A legal dispute has revealed that a painting thought to be the world’s most expensive artwork is not the most expensive one after all. Paul Gauguin’s 1892 oil painting “Nafea Faa Ipoipo (When Will You Marry)?” sold for $210 million in 2014, $90 million less than originally reported.
The New York Times and other news outlets reported in 2015 that the painting had been sold by Rudolf Staechelin, a retired Sotheby’s executive, to a Qatari buyer for close to $300 million. If true, that would have been the highest known price for a painting.
Prices in private sales of artwork are often closely guarded secrets, particularly when they reach astronomical levels. On Wednesday, however, a trial began in the High Court in London that revealed the ins and outs of this particular high-stakes art deal, which took nearly two years of negotiations to complete.

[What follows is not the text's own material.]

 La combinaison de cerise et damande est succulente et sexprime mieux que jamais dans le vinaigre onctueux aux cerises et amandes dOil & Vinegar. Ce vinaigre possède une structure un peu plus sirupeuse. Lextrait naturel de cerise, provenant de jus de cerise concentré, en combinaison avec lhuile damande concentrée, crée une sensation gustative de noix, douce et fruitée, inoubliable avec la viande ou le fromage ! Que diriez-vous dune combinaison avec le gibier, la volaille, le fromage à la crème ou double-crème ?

In September 2014, Mr. Staechelin sold the painting to a limited liability company run by the British art dealer Guy Bennett on behalf of the emir of Qatar, Sheikh Tamim bin Hamad al-Thani, according to documents submitted to the court by lawyers for the Swiss auctioneer Simon de Pury, who was involved in the dealings. Mr. de Pury’s lawyer wrote that he originally put the buyer and seller in touch. Mr. de Pury, along with his wife, Michaela de Pury, and their limited partnership, have sued Mr. Staechelin and his trust, claiming that Mr. de Pury is owed a $10 million commission on the sale.

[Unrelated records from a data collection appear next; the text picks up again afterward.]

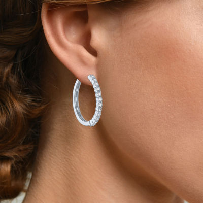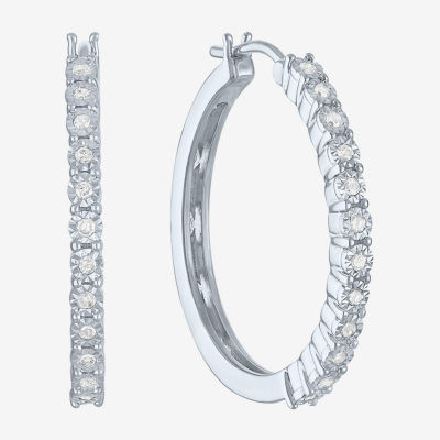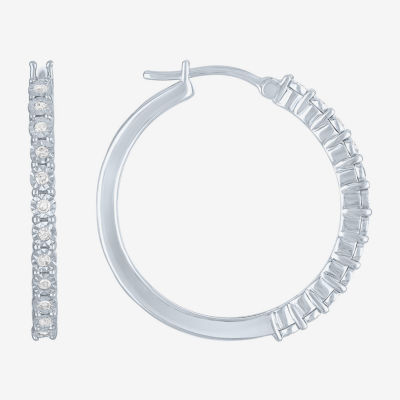Womens 1/4 CT. T.W. Natural White Diamond Sterling Silver 26mm Hoop Earrings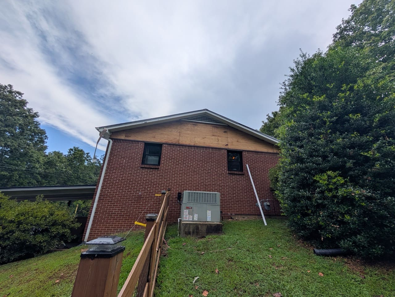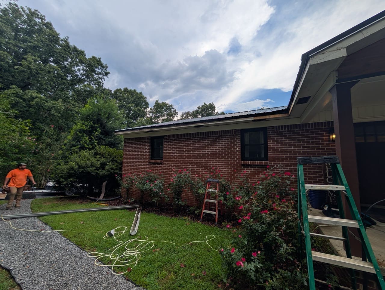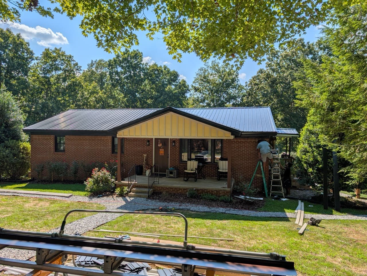 Before the work started, the home had a mix of finishes that didn’t quite work together. The gables were plain and lacked detail. The porch ceilings were standard vinyl. The gutters and soffits were white and didn’t connect visually with the rest of the house.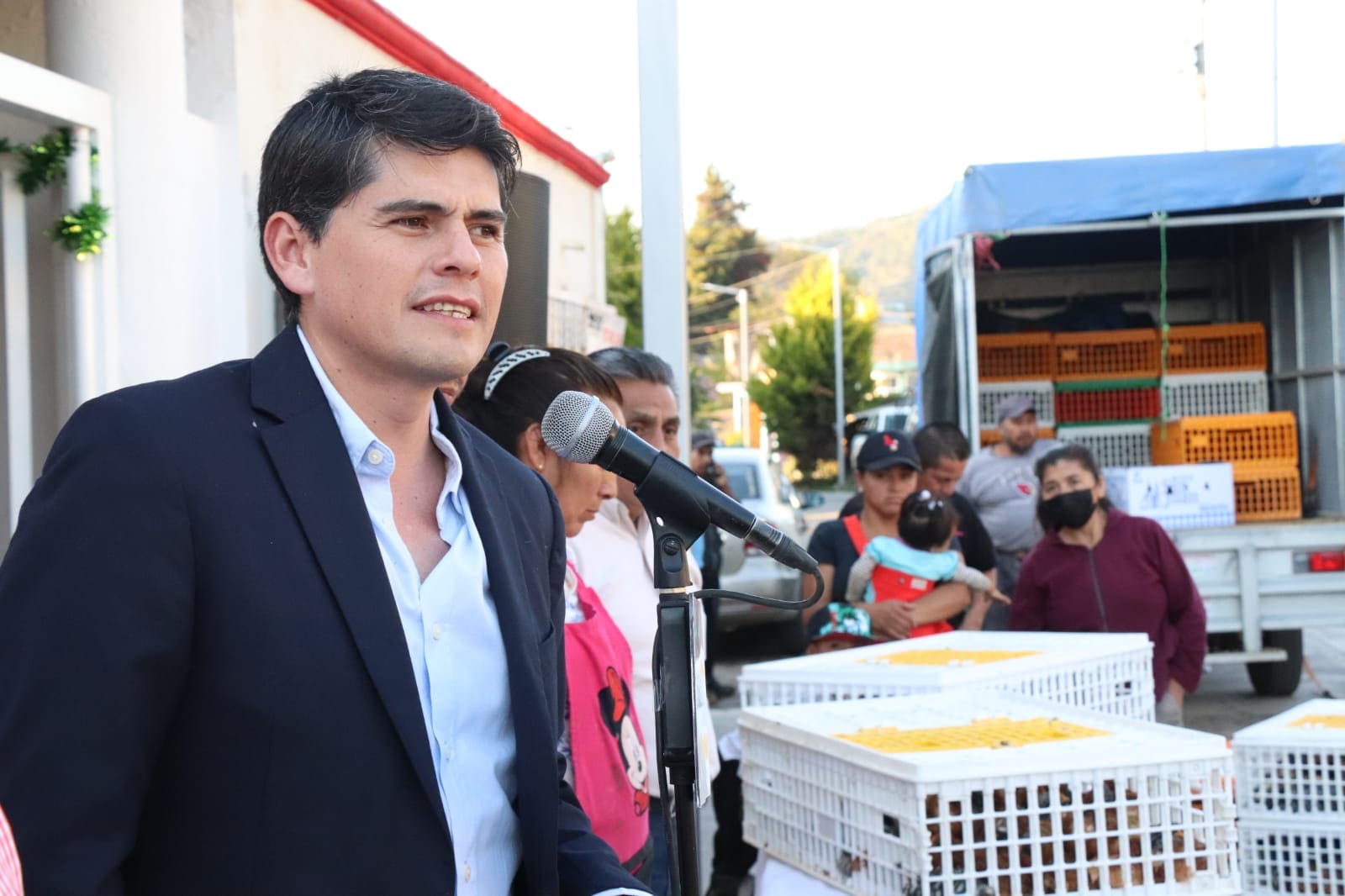 Zitácuaro, Mich., a 4 de enero del 2023.- Toño Ixtláhuac encabezó la entrega de más de 1500 pollitas doble propósito en la tenencia de Curungueo y sus localidades, favoreciendo a 150 hogares.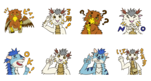 タカとグリフィンに登場する三匹のスタンプです! お試しに8種類で投稿してみます!グリフィンの翼 より発売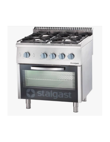 La cocina de 4 quemadores con horno combina un diseño moderno con funcionalidades profesionales para cocinas comerciales. Sus mandos ergonómicos, panel frontal grabado y sistema de seguridad garantizan un uso cómodo y seguro. Los quemadores ofrecen distintas potencias y ahorro de energía, mientras que el horno, disponible en versiones de gas o eléctrico, permite un control preciso de temperatura y humedad, adaptándose a múltiples necesidades culinarias.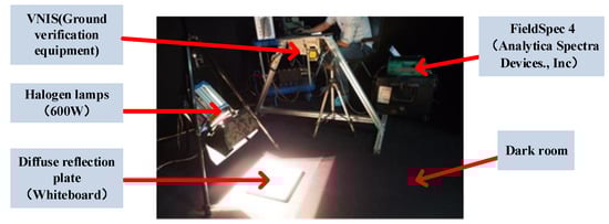 The experimental test was carried out in a dark room, using a halogen lamps to illuminate the diffuse reflection plate (reflectance >90%), and then at the same angle, using both VNIS (ground verification equipment) and a commercial spectrometer ((FieldSpec 4, Analytica Spectra Devices), Inc.) measure the spectral radiance forced by the diffuse reflection plate [].

The two sides had no written contract regarding the commission. The de Purys’ lawyer, Jonathan Cohen, wrote in an argument submitted to the High Court last week, “It would be unusual to find some types of contract made orally, but that is not true of the art market, which continues to operate in a ‘gentlemanly manner, based on mutual trust.’”
Mr. Staechelin contests the claim that he owes commission. He contends that Mr. de Pury deceived him about possible higher offers for the painting, voiding any possible agreement, gentlemanly or otherwise.

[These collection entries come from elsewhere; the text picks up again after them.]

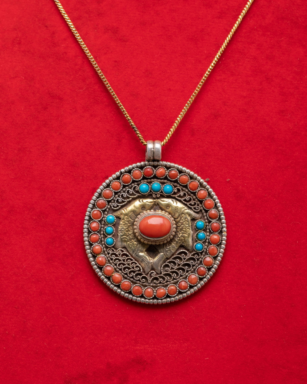 In the middle of this ethnic Tibetan pendant is a big coral stone set in gold. It is encircled by two twin patterns that look like snow lions, which are historic Tibetan emblems of fearlessness and sacred protection. There are rows of deep red coral and bright turquoise stones around this focal point. The colors are similar to those found in Himalayan monasteries, festival robes, and nature. The exquisite silverwork provides depth and texture, accentuating the pendant’s individuality and cultural soul.
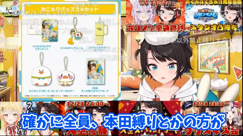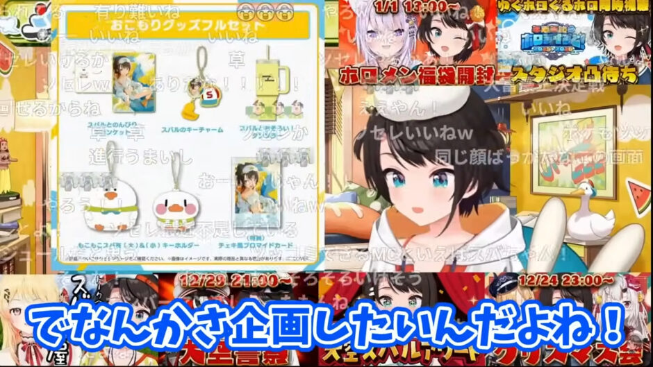 配信中、スバルさんは「今年はMCに呼ばれることが多かったかも」と振り返りつつ、来年は自分でも何か企画したい気持ちを明かしました。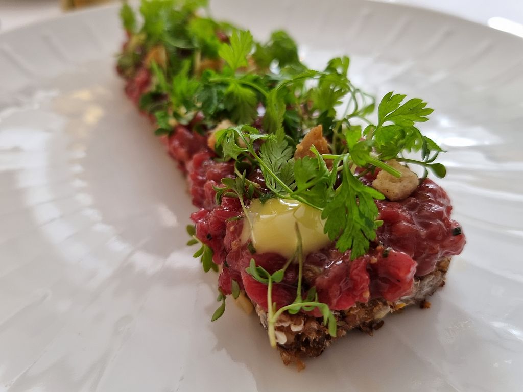 Das war schon hervorragend und hätten wir ein Frühstück gehabt, wäre hier auch genug gewesen. Hatten wir aber nicht, daher folgte dann Runde Nummer Drei mit einem sehr gut gewürzten Tartar, Wachtelei und Estragon-Majo.

Jeremy Scott, the lawyer for Mr. Staechelin and his trustees, said in a phone interview: “The trustees say that had it not been for the deception, they wouldn’t have accepted the $210 million price. They say that the de Purys forfeited any right to commission as a result of the deception.”
The trial is ongoing, but Mr. Scott said that a decision in the case by the end of July was possible. At the very least, however, the suit has rearranged the top rankings for high art prices: Willem de Kooning’s 1955 painting “Interchanged” stands alone with a reported sale price of $300 million in 2016. Cézanne’s “Card Players” brought $250 million in a sale to the Qatari government in 2011.